Wrong Turn 5: Bloodlines Blu-ray Movie, Video Quality  4.0 of 5

Wrong Turn 5 was shot digitally on a paltry budget, and the finished product looks it, with cheap sets, bad lighting, and an overall filmmaking aesthetic that isn't even up to made-for-TV standards. In so many ways, this is an ugly, ugly film. That said, the 1080p/AVC-encoded transfer we get on Blu-ray is true to source and largely free from any compression or encode issues. Sure, noise spikes a bit during darker scenes, and yes, there are occasional compression-heavy shots from unusual angles where it's obvious a less-capable and more portable camera was used—O'Brien mentions GoPro action cameras in his commentary track—but there are genuinely few distractions here besides the general cheapness of the project. The level of clarity is actually quite high most of the time, with visible fine detail in facial features and clothing textures. And while the cinematography is flat and bland and purely functional, color is adequately dense and contrast is good, with deep blacks and rarely overblown highlights. Wrong Turn 5 won't top anyone's Best Blu-ray Picture Quality of the Year list, but considering how awful the film is in just about every other regard, the high definition encode here is surprisingly decent.


Wrong Turn 5: Bloodlines Blu-ray Movie, Audio Quality  3.5 of 5

It's not going to rattle your walls, quake your bowels, or test the limits of your home theater system, but the movie's lossless DTS-HD Master Audio 5.1 surround track get the job done. The cringe-worthy dialogue is cleanly recorded and easily understood, and although the mix is decidedly front-heavy, you will notice occasional instances of rear-channel ambience and direction effects. Insect sounds. Crackling fire. A cackling hillbilly laugh moving through the space behind your head. You get the idea. It's all backed up by a dull but decent-sounding score comprised alternately of minor-key piano arpeggios and nondescript overdriven guitar riffing. The disc includes optional English SDH, Spanish, and French subtitles, which appear in easy-to-read white lettering.

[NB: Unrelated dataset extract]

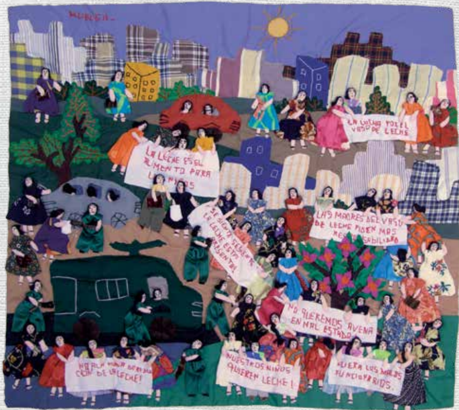
Huelga "Vaso de leche" 45 x 49 cm

Wrong Turn 5: Bloodlines Blu-ray Movie, Special Features and Extras  2.0 of 5

  • Audio Commentary by Declan O'Brien: The director and the film's behind-the-scene producer enthusiastically discuss the making of the movie, but do you really want to give these people another hour and a half of your life?
  • A Day in the Death (HD, 5:28): Some video diary-type BTS footage shot by the film's cast.
  • Hillbilly Kills (HD, 6:44): The film's director and producer discuss the kills, some of which were apparently inspired by Peter Jackson's Dead Alive. Coulda fooled me.
  • Director's Die-aries (HD, 8:29): Hardy har har. More behind the scenes footage, shot by the director.


Wrong Turn 5: Bloodlines Blu-ray Movie, Overall Score and Recommendation  1.0 of 5

Friends don't let friends waste their time on miserable straight-to-video horror sequel cash-ins. Wrong Turn 5 isn't just the worst film in a franchise that probably shouldn't have inspired any followups, it's also on the short list for the worst film I've personally seen in 2012. This is a movie that actively doesn't want you to enjoy it, and I'm at a loss as for why this series continues to stumble zombie-like forward. If I were Fox, I'd let it finally die or else reboot it with a decent budget and a director with a better vision for Appalachian hillbilly terror.